## [Prompt]
What is needed is an exact copy of the lines in the listing below, from the one with "请注意,这些开始于'1949" up to and including the one with "1.微信搜索并关注图书馆微信", with no other lines.

## [Data under study]
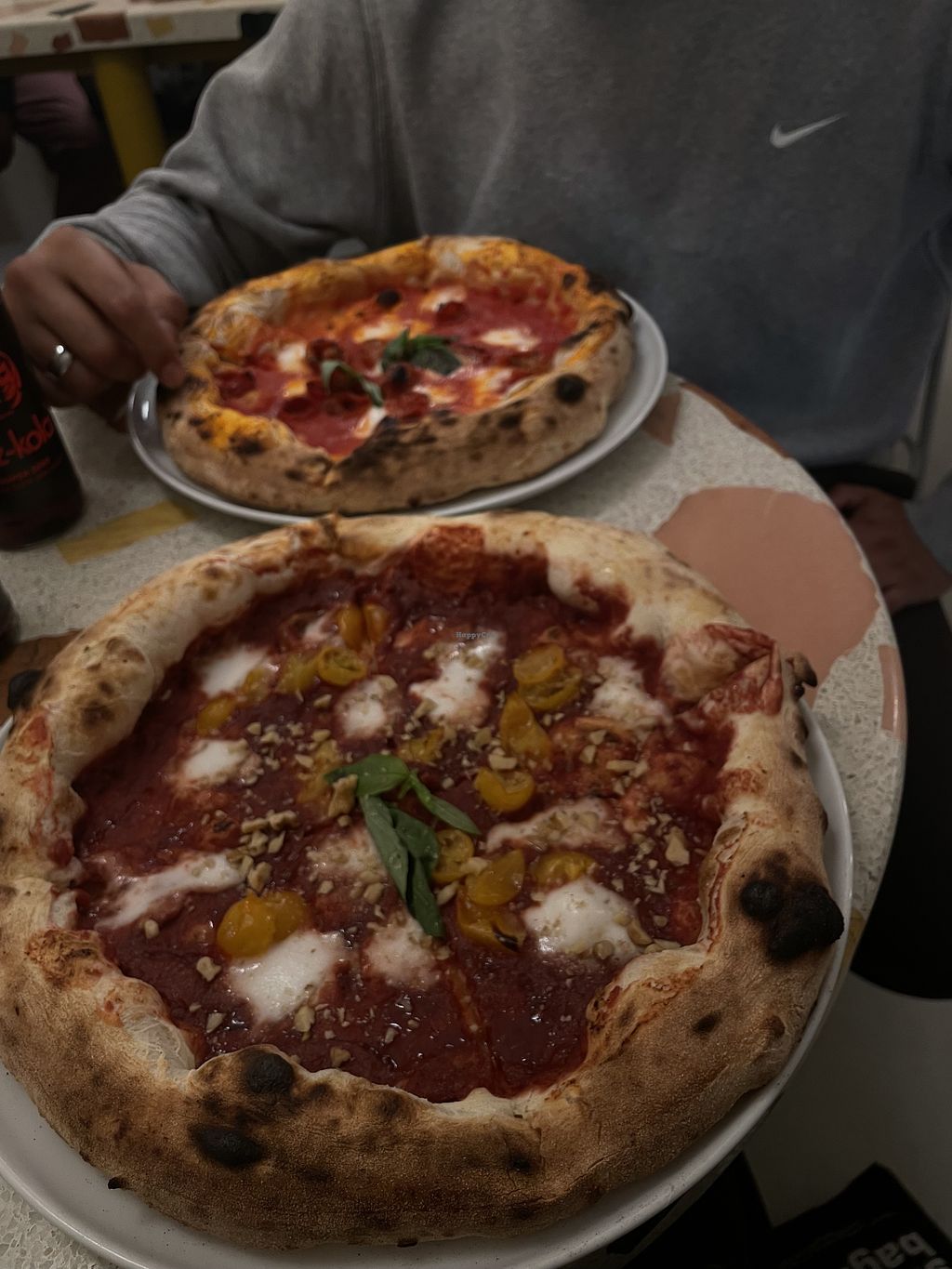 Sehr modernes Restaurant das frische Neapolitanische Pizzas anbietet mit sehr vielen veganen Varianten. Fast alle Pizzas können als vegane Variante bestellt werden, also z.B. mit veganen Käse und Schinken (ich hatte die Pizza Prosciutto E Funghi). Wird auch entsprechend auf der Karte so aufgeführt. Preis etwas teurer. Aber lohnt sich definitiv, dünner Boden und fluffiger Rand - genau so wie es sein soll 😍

* * *

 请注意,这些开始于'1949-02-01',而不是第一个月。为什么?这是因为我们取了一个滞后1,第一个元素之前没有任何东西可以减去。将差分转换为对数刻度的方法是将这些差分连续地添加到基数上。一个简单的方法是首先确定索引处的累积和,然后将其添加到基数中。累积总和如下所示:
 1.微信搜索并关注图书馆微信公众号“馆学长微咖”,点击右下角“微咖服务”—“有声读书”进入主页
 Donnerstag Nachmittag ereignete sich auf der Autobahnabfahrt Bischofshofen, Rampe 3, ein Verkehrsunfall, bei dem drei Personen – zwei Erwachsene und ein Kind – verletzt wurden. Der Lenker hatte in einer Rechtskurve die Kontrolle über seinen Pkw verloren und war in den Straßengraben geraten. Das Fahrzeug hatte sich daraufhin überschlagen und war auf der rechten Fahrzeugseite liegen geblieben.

...

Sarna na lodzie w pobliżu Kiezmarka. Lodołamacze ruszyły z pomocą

## [Exercise solution]
 请注意,这些开始于'1949-02-01',而不是第一个月。为什么?这是因为我们取了一个滞后1,第一个元素之前没有任何东西可以减去。将差分转换为对数刻度的方法是将这些差分连续地添加到基数上。一个简单的方法是首先确定索引处的累积和,然后将其添加到基数中。累积总和如下所示:
 1.微信搜索并关注图书馆微信公众号“馆学长微咖”,点击右下角“微咖服务”—“有声读书”进入主页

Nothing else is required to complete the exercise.